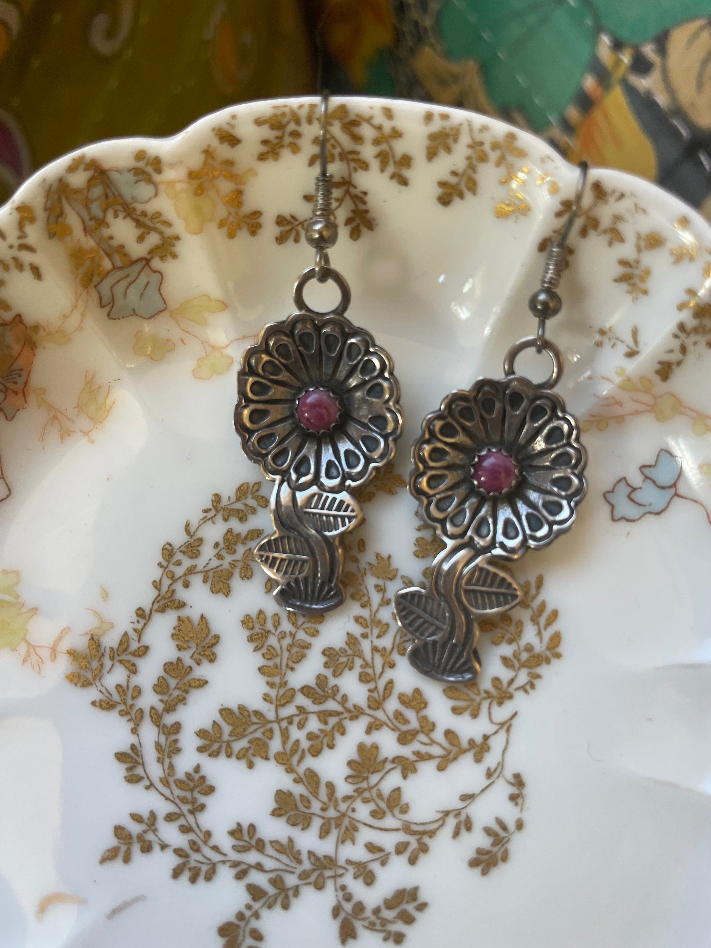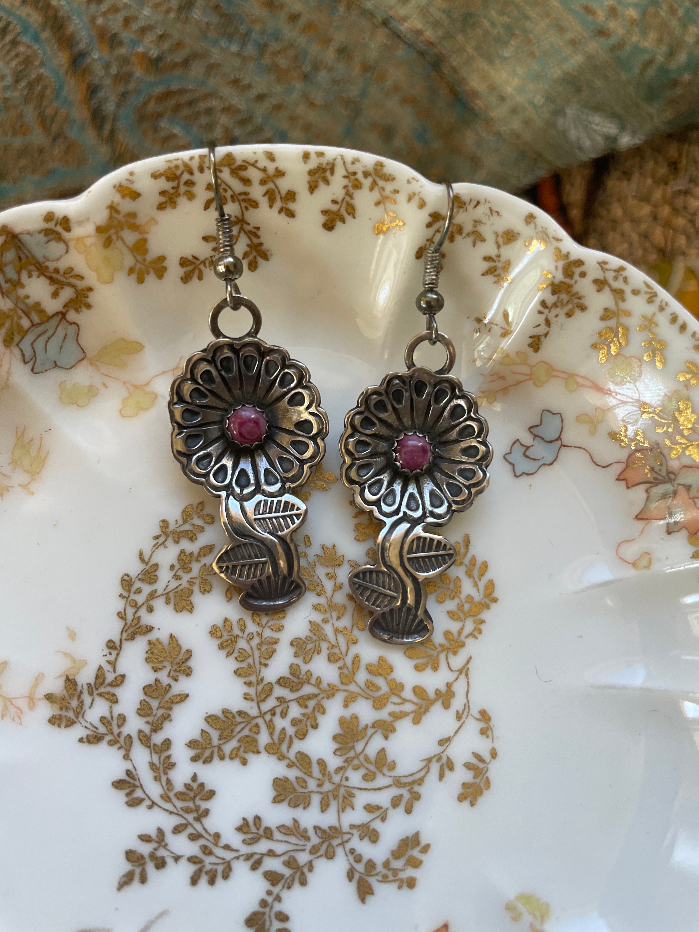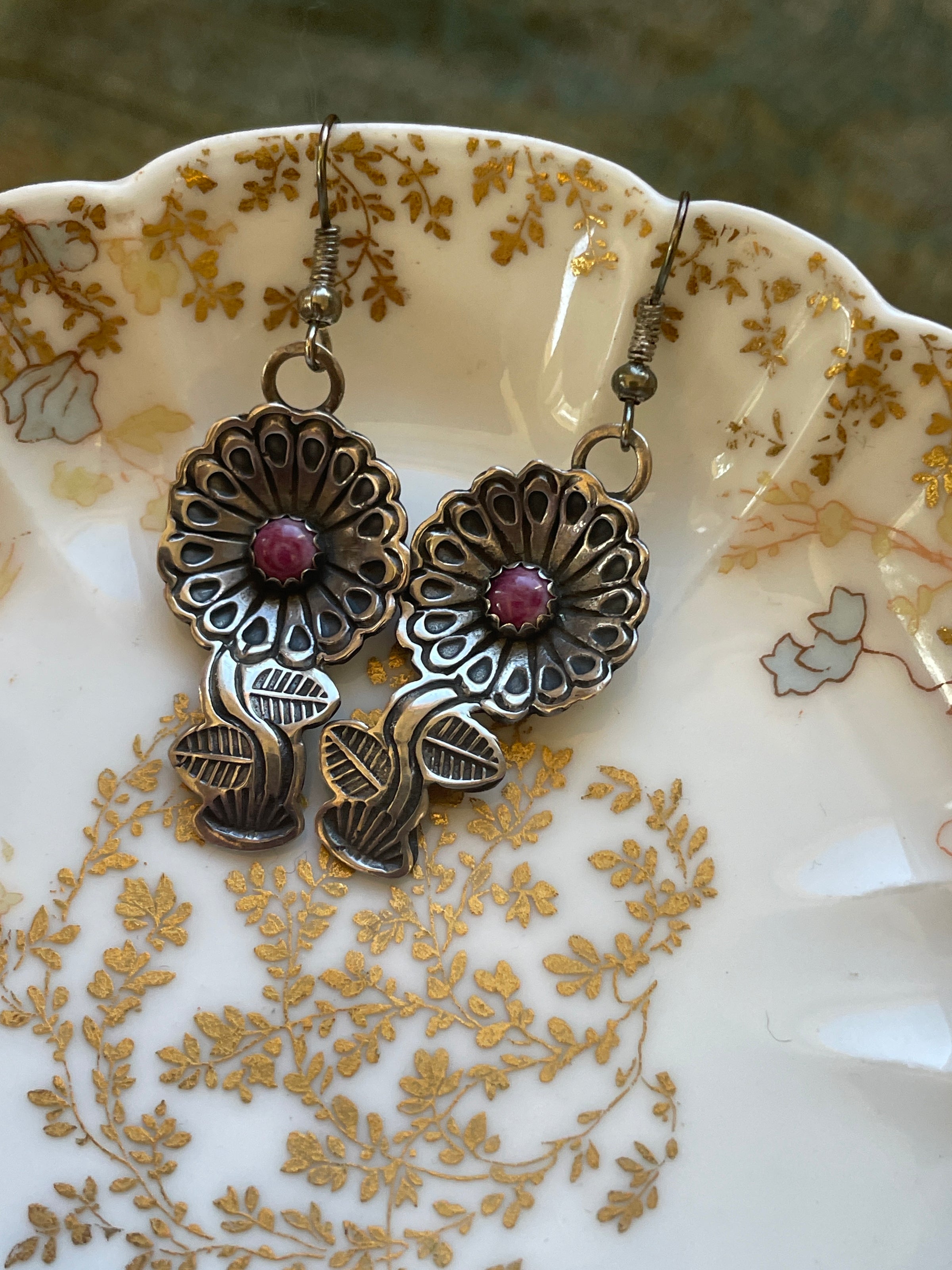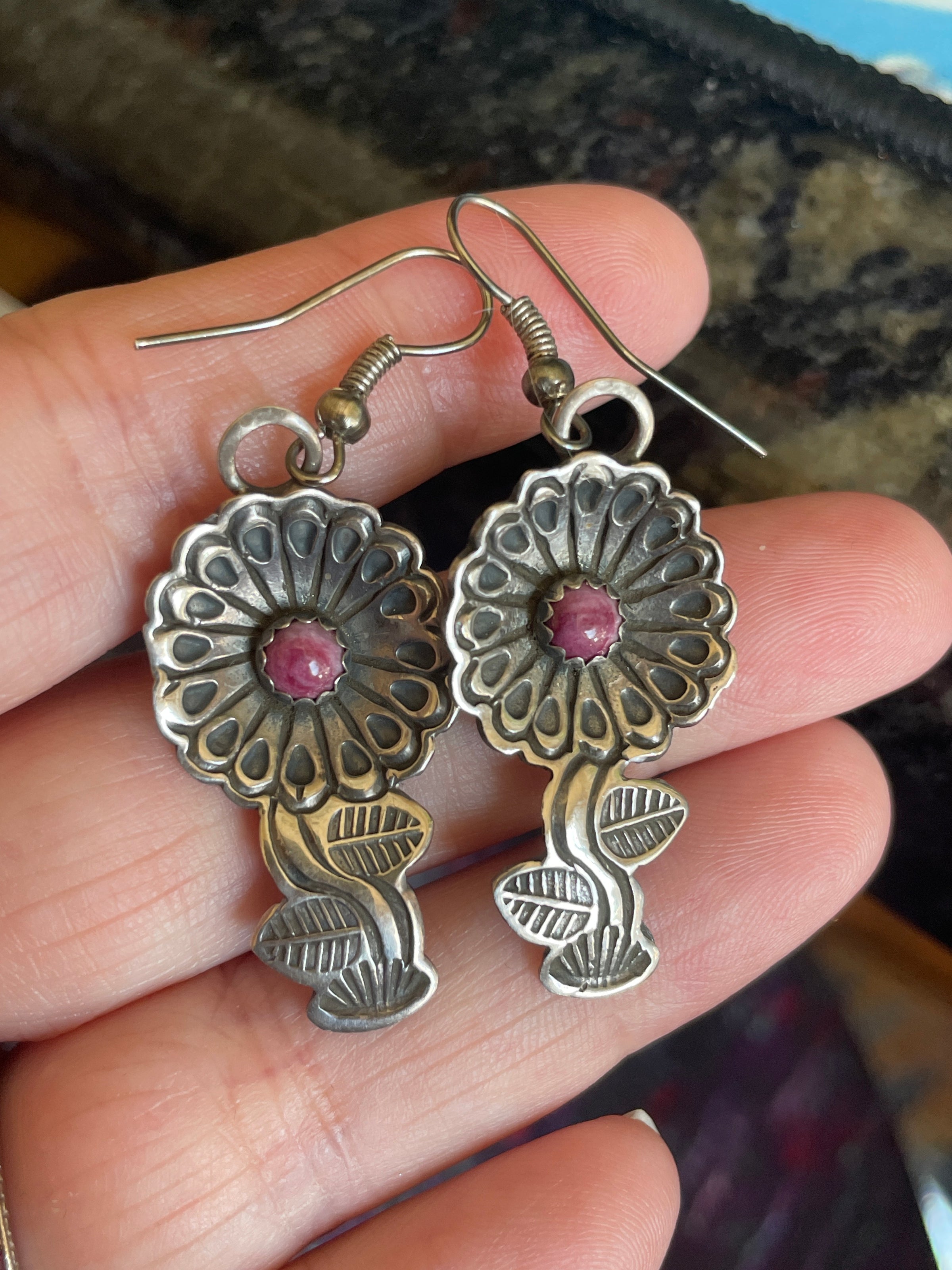 Stunning hand made hand engraved flower earrings with Sugilite centers. These measure approx 1.75 inches. Tested sterling.
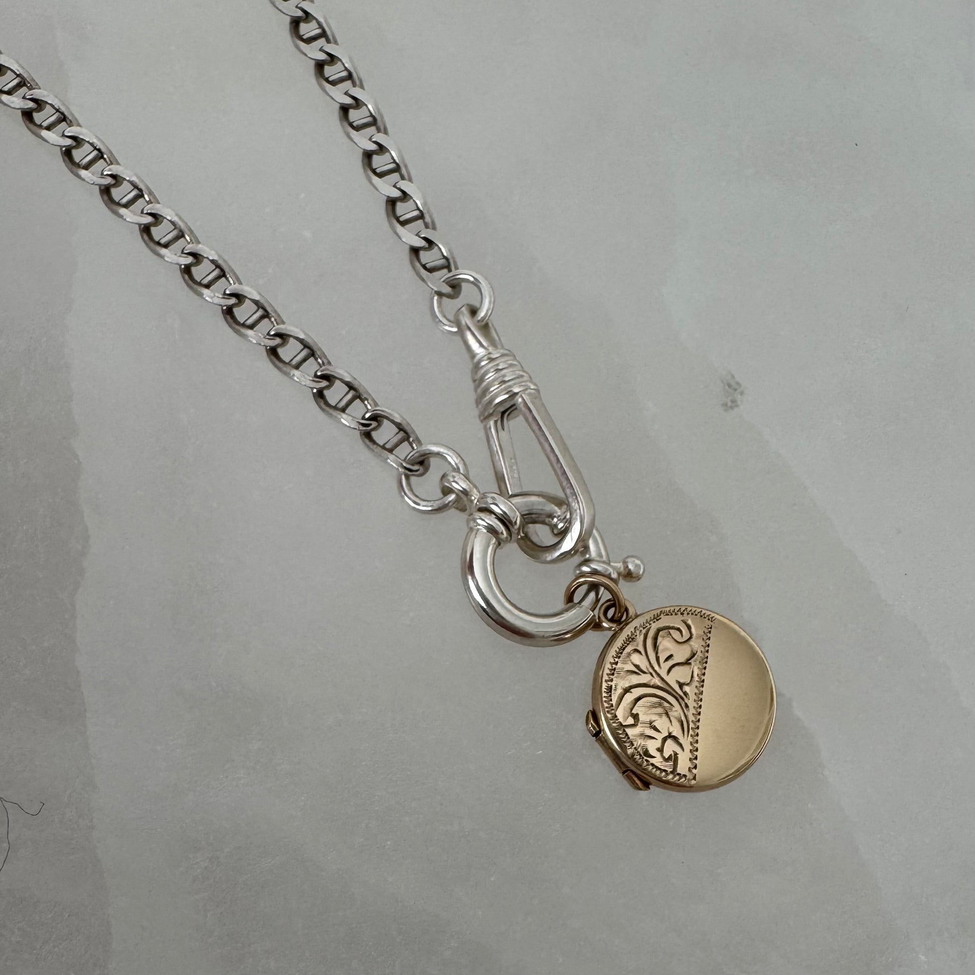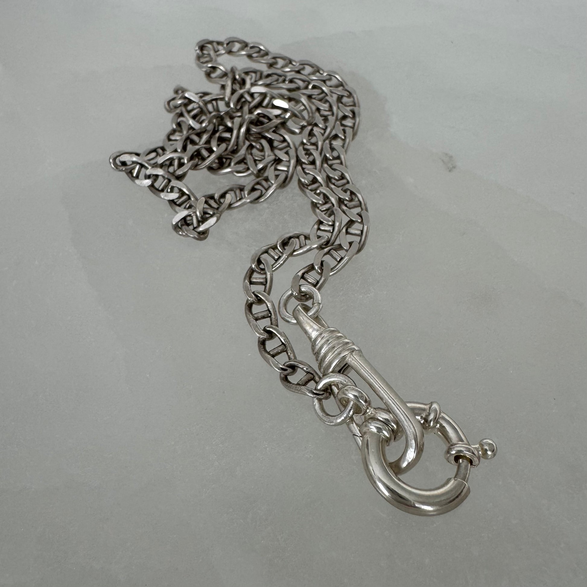 a flat mariner anchor link chain has been re-worked with new clasps reminiscent of a watch chain — a new clasp in the style of a dog clip clasp, but without the swivel feature, and a new sailor clasp.
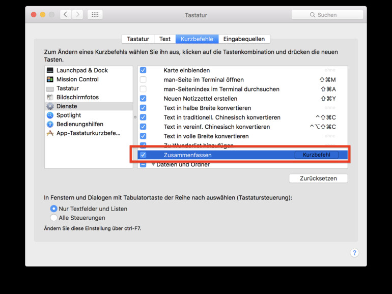 Klicken SIe in der Menüleiste am oberen Bildschirmrand auf das Apple-Logo und wählen Sie „Systemeinstellungen“ aus. In den Systemeinstellungen klicken Sie dann auf „Tastatur“. Klicken Sie jetzt auf den Reiter „Kurzbefehle“ und wählen Sie aus der Seitenleiste links den Punkt „Dienste“ aus. Im rechten Feld scrollt man nun nach unten. Unter der Zwischenüberschrift „Text“ finden Sie die Funktion „Zusammenfassen“. Setzen davor einen Haken. Der Dienst ist nun aktiviert. Sie können die Systemeinstellungen jetzt wieder schließen.
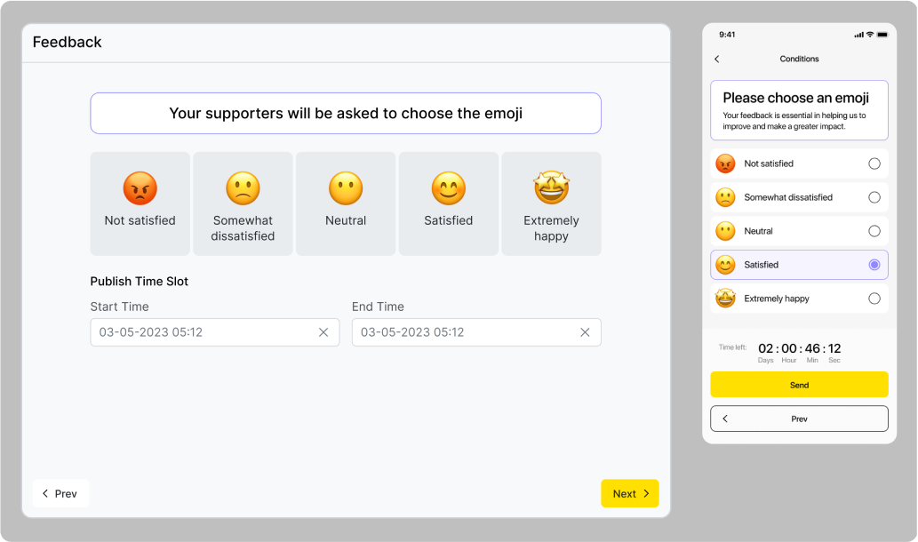 Dans cette quête, vous n'avez pas besoin d'ajouter de condition — vos participants vous enverront simplement un feedback basé sur des emojis automatiquement via Qela.

---+---

Brief
A verbatim copy of the material, pictures excluded, is what must be produced.

Output of the task
 Stunning hand made hand engraved flower earrings with Sugilite centers. These measure approx 1.75 inches. Tested sterling.
 a flat mariner anchor link chain has been re-worked with new clasps reminiscent of a watch chain — a new clasp in the style of a dog clip clasp, but without the swivel feature, and a new sailor clasp.
 Klicken SIe in der Menüleiste am oberen Bildschirmrand auf das Apple-Logo und wählen Sie „Systemeinstellungen“ aus. In den Systemeinstellungen klicken Sie dann auf „Tastatur“. Klicken Sie jetzt auf den Reiter „Kurzbefehle“ und wählen Sie aus der Seitenleiste links den Punkt „Dienste“ aus. Im rechten Feld scrollt man nun nach unten. Unter der Zwischenüberschrift „Text“ finden Sie die Funktion „Zusammenfassen“. Setzen davor einen Haken. Der Dienst ist nun aktiviert. Sie können die Systemeinstellungen jetzt wieder schließen.
 Dans cette quête, vous n'avez pas besoin d'ajouter de condition — vos participants vous enverront simplement un feedback basé sur des emojis automatiquement via Qela.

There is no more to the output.